Second most common cause of alopecia
Etiology and Pathophysiology
- The hair cycle consists of two predominant phases. The anagen (growth phase) and the telogen (resting phase), lasting ~3 years and 3 months, respectively. On the scalp, ~10–15% of hairs are in the telogen phase normally. Due to the presence of some types of external/internal stress, there may be an increase in the percentage of telogen hairs. As new anagen hairs emerge, these telogen hair follicles are forced out. The preceding event usually occurs 2 to 3 months prior to the appearance of hair loss.
- It is hypothesized that substance P plays a key role in the pathogenesis of TE through various mechanisms (1).
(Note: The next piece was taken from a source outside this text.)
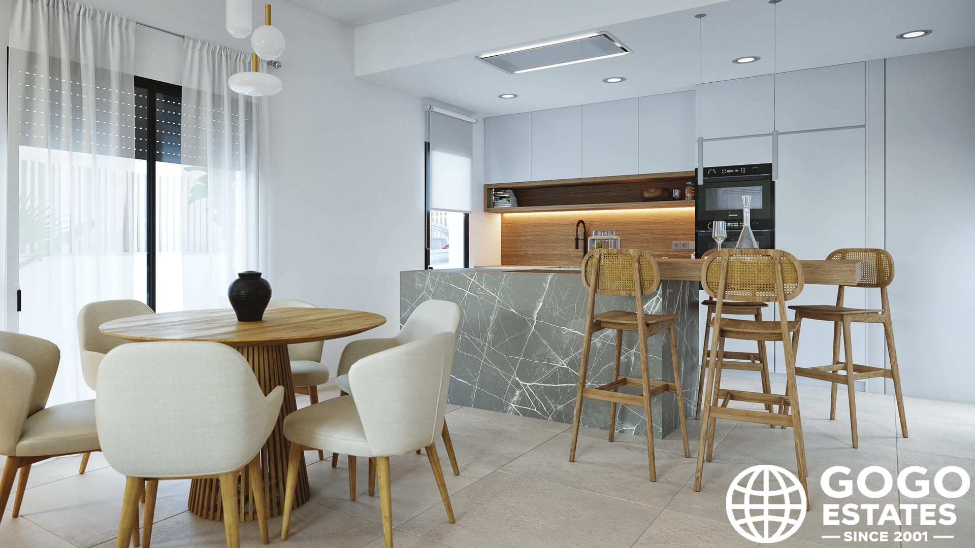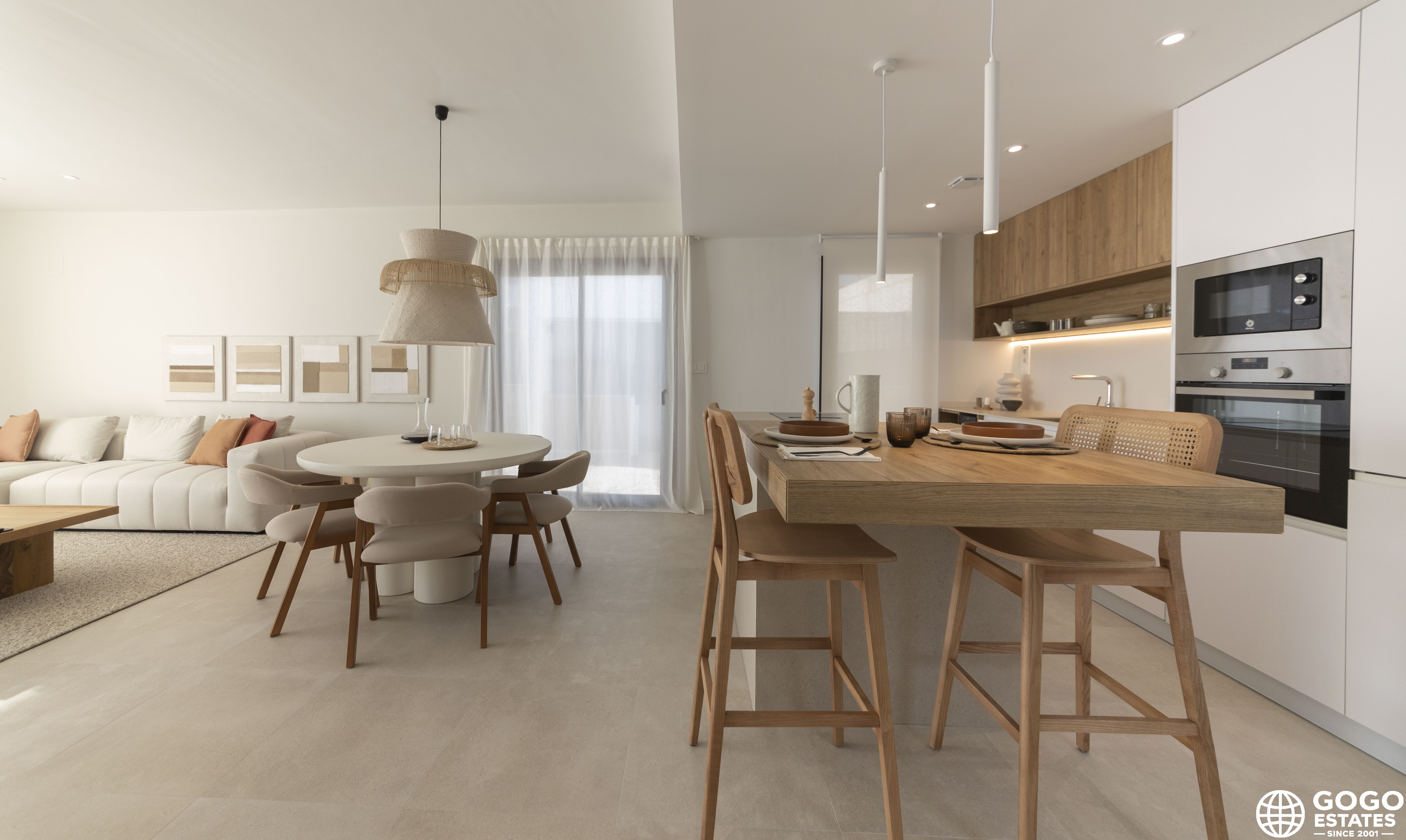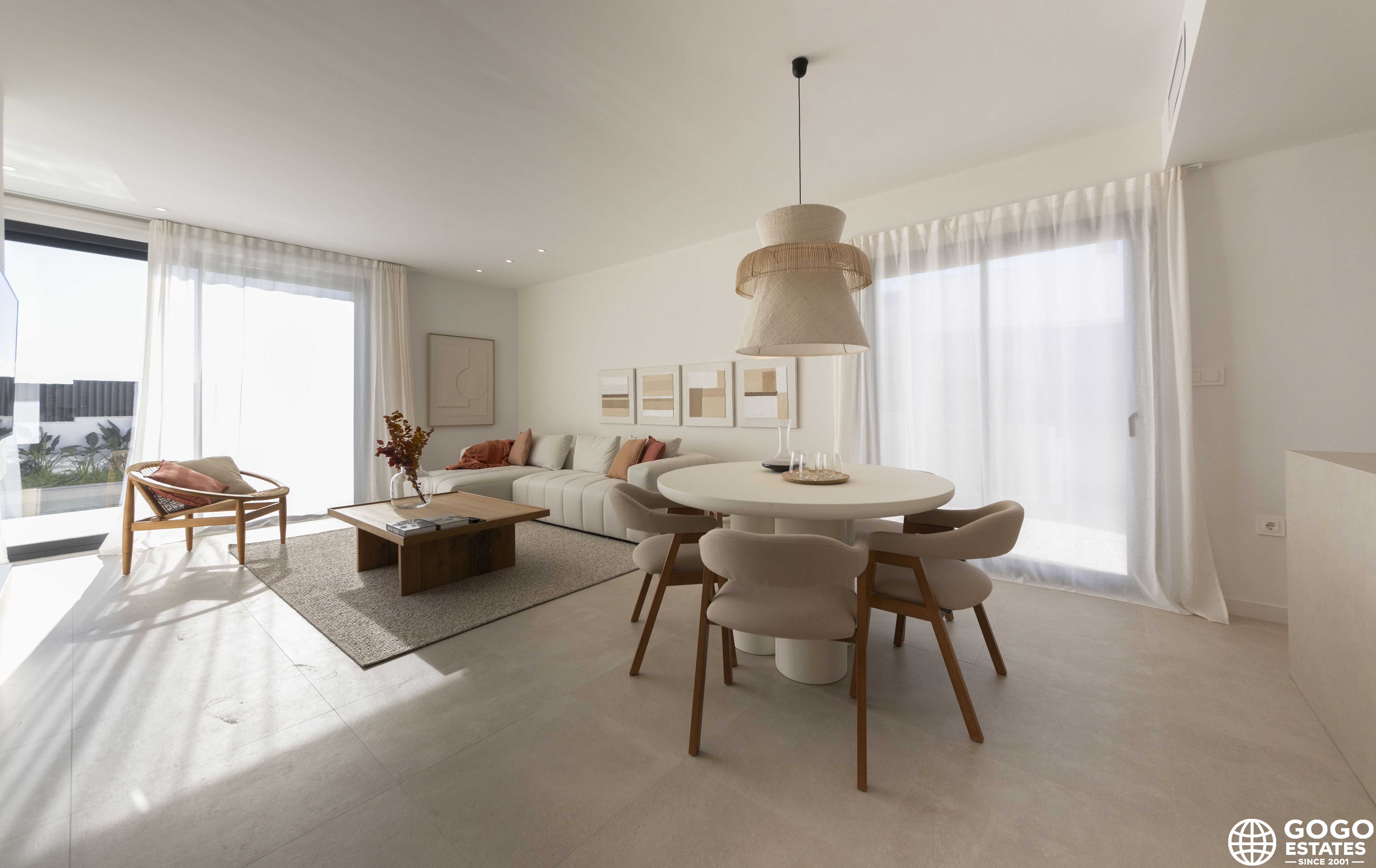 El interior está cuidadosamente diseñado para ofrecer comodidad y estilo. Los suelos de cerámica proporcionan un toque moderno y son fáciles de mantener. Las casas están equipadas con electrodomésticos, facilitando la vida diaria desde el primer día. Los armarios empotrados ofrecen amplio espacio de almacenamiento, manteniendo el orden y la organización.

Studies have been conducted on human hair follicles in vitro and mice hair follicles in vivo, which support this theory.
- Role of substance P includes the following (2):
- Upregulation of substance P receptor, NK1, at the gene and protein level, leading to premature catagen development and hair growth inhibition
- Upregulation of nerve growth factor (NGF) and subsequently its hair apoptosis–producing receptor, p75NTR
- Downregulation of hair growth–promoting receptor, TrkA
- Upregulation of major histocompatibility class (MHC) I and β2-microglobulin, resulting in loss of hair follicle immune-privilege
- Increase in tumor necrosis factor-α release by mast cells resulting in hair keratinocyte apoptosis
- Decreased cortisol levels in chronic stress states may also enhance the effects of substance P.
- Major surgery
- Thyroid disorder
- Febrile illness
- Allergic contact dermatitis (3)
- Iron deficiency anemia (4)
- Excess vitamin A
- Protein-calorie restriction
- End-stage liver or renal disease
- Hormonal changes (including pregnancy, delivery, and estrogen-containing medications)
- Chronic stress
- Drug induced (β-blockers, anticonvulsants, antidepressants, anticoagulants, retinoids, ACE-inhibitors, etc.)